USD/CAD extends losses to 1.3670 with all eyes on the US-Iran peace talks
The US Dollar (USD) keeps heading south against the Canadian Dollar (CAD) on Friday, reaching three-week lows at 1.3670.
  • USD/CAD hits fresh three-week lows at 1.3670 following a five-day sell-off.
  • Hopes of a resolution of the US-Iran conflict keep the safe-haven USD under pressure.
  • Canada's CPI figures, due on Monday, are expected to show higher inflationary pressures in March.

The US Dollar (USD) keeps heading south against the Canadian Dollar (CAD) on Friday, reaching three-week lows at 1.3670. The USD/CAD pair has depreciated continuously over the last five days and is on track for a 1.3% weekly selloff, as hopes that the US and Iran will resume peace talks this weekend are keeping the safe-haven US Dollar under pressure.

News from the Middle East is mixed, but the market keeps focusing on US President Donald Trump’s positive comments. Trump announced on Thursday a 10-day ceasefire between Lebanon and Israel and affirmed that a deal to end hostilities in Iran is “very close.”

A news report by Reuters, on the other hand, has cooled hopes of a steady peace agreement coming out of this weekend’s negotiations. Iranian sources cited in the report suggest that negotiators have scaled back their targets and are now seeking a “temporary memorandum” to avoid a return to the conflict.

Meanwhile, the Strait of Hormuz remains closed, keeping Crude prices about 35% above pre-war levels. The Governor of the Bank of Canada (BoC), Tiff Macklem, warned on Thursday about “higher price levels” in a conference at the Montreal Chamber of Commerce and highlighted the challenges to keeping inflation anchored without triggering a recession.

In that sense, Canadian Consumer Prices Index (CPI) figures from March, due on Monday, are expected to validate those fears. Consumer inflation is expected to have accelerated significantly, amid the energy shock triggered by Iran’s war. If the final figures meet the expectations, concerns about stagflation might take a toll on the Canadian Dollar’s strength.

Canadian Dollar FAQs

The key factors driving the Canadian Dollar (CAD) are the level of interest rates set by the Bank of Canada (BoC), the price of Oil, Canada’s largest export, the health of its economy, inflation and the Trade Balance, which is the difference between the value of Canada’s exports versus its imports. Other factors include market sentiment – whether investors are taking on more risky assets (risk-on) or seeking safe-havens (risk-off) – with risk-on being CAD-positive. As its largest trading partner, the health of the US economy is also a key factor influencing the Canadian Dollar.

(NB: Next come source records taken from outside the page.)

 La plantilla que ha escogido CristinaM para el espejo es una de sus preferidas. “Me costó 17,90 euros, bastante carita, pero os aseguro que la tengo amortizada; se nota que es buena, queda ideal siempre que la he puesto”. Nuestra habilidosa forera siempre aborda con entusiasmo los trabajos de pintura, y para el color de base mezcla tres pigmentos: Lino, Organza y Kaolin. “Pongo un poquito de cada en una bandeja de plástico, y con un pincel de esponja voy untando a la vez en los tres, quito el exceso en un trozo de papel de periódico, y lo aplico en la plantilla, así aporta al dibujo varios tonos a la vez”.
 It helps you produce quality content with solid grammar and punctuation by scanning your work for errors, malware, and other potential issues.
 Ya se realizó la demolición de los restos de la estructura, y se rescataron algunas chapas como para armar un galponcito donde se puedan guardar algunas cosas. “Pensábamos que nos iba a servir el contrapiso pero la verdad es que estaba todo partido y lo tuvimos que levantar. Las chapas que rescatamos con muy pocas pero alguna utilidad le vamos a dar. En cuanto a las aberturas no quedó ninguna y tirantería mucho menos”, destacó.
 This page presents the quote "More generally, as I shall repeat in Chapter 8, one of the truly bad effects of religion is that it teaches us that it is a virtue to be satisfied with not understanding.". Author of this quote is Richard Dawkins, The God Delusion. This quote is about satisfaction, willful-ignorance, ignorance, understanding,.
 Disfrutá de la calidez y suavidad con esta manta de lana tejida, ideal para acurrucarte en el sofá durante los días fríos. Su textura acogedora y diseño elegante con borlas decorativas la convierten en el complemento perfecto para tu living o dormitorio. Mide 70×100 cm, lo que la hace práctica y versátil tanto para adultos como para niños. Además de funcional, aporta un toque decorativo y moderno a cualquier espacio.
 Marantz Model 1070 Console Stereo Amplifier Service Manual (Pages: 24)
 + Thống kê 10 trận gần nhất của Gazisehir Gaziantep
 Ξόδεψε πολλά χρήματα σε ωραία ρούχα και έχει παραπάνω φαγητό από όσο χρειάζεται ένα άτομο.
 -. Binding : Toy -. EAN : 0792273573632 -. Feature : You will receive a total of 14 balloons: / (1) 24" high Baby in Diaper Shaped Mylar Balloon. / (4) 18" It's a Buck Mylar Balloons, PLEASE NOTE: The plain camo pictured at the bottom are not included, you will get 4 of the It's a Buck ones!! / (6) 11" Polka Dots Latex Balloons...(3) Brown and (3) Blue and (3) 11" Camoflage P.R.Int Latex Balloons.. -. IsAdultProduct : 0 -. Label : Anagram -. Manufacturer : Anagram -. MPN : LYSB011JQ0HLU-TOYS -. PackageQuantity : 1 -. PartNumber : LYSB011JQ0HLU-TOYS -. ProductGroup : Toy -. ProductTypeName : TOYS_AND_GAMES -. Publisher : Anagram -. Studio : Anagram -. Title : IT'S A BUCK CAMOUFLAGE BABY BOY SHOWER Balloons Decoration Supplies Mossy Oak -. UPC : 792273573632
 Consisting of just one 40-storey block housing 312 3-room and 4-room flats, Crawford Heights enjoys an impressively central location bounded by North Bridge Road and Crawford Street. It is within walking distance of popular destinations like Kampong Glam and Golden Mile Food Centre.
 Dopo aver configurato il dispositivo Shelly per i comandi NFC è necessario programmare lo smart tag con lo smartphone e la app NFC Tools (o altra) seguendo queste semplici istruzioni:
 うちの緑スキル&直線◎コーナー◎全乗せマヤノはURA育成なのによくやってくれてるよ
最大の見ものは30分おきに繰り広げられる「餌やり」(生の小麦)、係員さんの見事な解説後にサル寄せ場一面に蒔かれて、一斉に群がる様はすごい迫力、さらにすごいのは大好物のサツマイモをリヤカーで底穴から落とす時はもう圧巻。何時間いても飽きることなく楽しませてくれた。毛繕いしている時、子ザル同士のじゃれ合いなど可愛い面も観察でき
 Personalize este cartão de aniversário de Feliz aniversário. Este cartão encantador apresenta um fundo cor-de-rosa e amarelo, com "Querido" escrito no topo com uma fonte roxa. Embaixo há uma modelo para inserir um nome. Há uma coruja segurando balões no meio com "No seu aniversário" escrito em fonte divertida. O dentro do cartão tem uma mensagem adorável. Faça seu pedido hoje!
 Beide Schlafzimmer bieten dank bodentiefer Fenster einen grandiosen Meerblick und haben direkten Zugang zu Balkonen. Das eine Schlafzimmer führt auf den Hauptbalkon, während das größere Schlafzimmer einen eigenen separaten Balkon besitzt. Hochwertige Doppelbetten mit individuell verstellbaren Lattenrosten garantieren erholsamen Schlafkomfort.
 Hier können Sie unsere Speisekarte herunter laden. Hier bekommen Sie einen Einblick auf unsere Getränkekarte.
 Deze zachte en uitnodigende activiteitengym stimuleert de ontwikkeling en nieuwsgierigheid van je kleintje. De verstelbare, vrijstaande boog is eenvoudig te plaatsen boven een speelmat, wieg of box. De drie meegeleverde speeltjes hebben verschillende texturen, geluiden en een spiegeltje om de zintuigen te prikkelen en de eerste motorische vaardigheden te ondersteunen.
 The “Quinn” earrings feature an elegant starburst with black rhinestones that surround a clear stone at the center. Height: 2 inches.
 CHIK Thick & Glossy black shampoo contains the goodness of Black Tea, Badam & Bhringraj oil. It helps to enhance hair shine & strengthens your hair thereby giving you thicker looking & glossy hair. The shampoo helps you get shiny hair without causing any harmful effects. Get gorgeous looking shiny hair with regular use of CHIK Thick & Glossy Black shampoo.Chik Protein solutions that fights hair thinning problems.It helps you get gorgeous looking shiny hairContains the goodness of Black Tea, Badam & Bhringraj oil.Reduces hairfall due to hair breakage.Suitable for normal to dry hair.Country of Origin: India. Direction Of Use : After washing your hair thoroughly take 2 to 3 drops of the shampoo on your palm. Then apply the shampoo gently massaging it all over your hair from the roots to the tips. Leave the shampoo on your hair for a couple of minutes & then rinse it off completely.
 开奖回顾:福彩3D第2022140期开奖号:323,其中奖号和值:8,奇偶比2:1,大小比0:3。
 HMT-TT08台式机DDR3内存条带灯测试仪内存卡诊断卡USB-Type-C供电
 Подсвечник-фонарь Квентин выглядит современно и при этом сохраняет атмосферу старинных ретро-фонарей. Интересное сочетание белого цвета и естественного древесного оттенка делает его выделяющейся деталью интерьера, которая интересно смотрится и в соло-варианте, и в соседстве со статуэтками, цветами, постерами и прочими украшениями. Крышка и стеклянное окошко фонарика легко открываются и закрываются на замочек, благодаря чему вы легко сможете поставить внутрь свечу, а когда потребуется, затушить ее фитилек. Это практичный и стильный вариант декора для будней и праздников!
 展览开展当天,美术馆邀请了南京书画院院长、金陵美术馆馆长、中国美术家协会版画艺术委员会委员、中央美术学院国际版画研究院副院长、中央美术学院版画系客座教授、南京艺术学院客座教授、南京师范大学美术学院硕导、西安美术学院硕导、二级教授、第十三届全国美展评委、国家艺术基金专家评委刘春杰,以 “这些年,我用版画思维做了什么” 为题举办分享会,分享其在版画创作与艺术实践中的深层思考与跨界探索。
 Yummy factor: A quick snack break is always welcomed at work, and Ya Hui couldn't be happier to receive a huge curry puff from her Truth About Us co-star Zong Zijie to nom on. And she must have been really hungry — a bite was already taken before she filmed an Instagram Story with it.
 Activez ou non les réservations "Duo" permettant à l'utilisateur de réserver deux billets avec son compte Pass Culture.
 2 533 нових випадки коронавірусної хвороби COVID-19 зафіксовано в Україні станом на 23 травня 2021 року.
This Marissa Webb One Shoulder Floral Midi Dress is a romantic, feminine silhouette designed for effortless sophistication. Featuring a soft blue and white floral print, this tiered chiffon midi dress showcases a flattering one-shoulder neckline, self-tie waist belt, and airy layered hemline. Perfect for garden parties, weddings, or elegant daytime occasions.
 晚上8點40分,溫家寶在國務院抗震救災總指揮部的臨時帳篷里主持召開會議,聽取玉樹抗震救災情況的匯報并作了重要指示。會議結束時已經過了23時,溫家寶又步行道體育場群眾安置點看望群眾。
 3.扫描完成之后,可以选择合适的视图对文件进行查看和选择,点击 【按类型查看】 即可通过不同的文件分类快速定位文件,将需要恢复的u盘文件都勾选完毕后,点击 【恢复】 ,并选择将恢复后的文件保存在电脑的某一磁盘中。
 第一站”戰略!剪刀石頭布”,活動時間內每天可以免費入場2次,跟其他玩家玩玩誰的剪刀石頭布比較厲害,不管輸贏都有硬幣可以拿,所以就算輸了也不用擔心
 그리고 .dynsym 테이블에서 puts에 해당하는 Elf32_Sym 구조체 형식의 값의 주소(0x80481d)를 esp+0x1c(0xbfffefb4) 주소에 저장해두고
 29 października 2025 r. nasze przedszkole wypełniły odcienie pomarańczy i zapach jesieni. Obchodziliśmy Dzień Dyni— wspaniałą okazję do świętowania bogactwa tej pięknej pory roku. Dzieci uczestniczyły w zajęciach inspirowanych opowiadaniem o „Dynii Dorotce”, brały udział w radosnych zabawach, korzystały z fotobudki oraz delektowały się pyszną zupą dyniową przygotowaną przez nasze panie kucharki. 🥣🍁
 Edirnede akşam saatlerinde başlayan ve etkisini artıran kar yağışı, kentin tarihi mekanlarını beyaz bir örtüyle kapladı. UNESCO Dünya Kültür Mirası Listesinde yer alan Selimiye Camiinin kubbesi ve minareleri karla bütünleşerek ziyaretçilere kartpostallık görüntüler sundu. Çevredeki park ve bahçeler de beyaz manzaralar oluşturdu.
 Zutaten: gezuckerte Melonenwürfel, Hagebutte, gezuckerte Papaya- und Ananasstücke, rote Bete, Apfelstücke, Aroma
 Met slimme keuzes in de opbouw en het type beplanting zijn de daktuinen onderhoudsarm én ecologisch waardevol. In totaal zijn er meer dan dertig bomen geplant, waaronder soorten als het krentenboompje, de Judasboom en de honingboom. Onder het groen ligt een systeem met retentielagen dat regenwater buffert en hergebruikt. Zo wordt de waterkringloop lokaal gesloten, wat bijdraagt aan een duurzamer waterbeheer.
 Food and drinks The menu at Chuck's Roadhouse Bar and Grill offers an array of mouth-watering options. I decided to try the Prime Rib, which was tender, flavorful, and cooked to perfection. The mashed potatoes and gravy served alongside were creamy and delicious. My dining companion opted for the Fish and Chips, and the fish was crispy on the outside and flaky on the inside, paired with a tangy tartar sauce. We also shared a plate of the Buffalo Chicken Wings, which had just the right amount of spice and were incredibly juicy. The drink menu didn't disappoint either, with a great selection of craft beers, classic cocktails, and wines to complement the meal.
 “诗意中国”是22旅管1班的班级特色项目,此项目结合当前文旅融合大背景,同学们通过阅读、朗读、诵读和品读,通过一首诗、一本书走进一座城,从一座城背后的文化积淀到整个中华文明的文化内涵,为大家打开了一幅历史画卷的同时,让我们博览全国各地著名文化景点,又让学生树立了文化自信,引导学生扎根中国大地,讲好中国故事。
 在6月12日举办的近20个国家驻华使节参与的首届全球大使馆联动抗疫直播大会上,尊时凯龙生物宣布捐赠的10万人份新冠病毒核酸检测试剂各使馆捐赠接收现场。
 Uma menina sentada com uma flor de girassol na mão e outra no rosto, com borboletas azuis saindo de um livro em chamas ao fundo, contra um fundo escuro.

The Bank of Canada (BoC) has a significant influence on the Canadian Dollar by setting the level of interest rates that banks can lend to one another. This influences the level of interest rates for everyone. The main goal of the BoC is to maintain inflation at 1-3% by adjusting interest rates up or down. Relatively higher interest rates tend to be positive for the CAD. The Bank of Canada can also use quantitative easing and tightening to influence credit conditions, with the former CAD-negative and the latter CAD-positive.

The price of Oil is a key factor impacting the value of the Canadian Dollar. Petroleum is Canada’s biggest export, so Oil price tends to have an immediate impact on the CAD value. Generally, if Oil price rises CAD also goes up, as aggregate demand for the currency increases. The opposite is the case if the price of Oil falls. Higher Oil prices also tend to result in a greater likelihood of a positive Trade Balance, which is also supportive of the CAD.

While inflation had always traditionally been thought of as a negative factor for a currency since it lowers the value of money, the opposite has actually been the case in modern times with the relaxation of cross-border capital controls. Higher inflation tends to lead central banks to put up interest rates which attracts more capital inflows from global investors seeking a lucrative place to keep their money. This increases demand for the local currency, which in Canada’s case is the Canadian Dollar.

Macroeconomic data releases gauge the health of the economy and can have an impact on the Canadian Dollar. Indicators such as GDP, Manufacturing and Services PMIs, employment, and consumer sentiment surveys can all influence the direction of the CAD. A strong economy is good for the Canadian Dollar. Not only does it attract more foreign investment but it may encourage the Bank of Canada to put up interest rates, leading to a stronger currency. If economic data is weak, however, the CAD is likely to fall.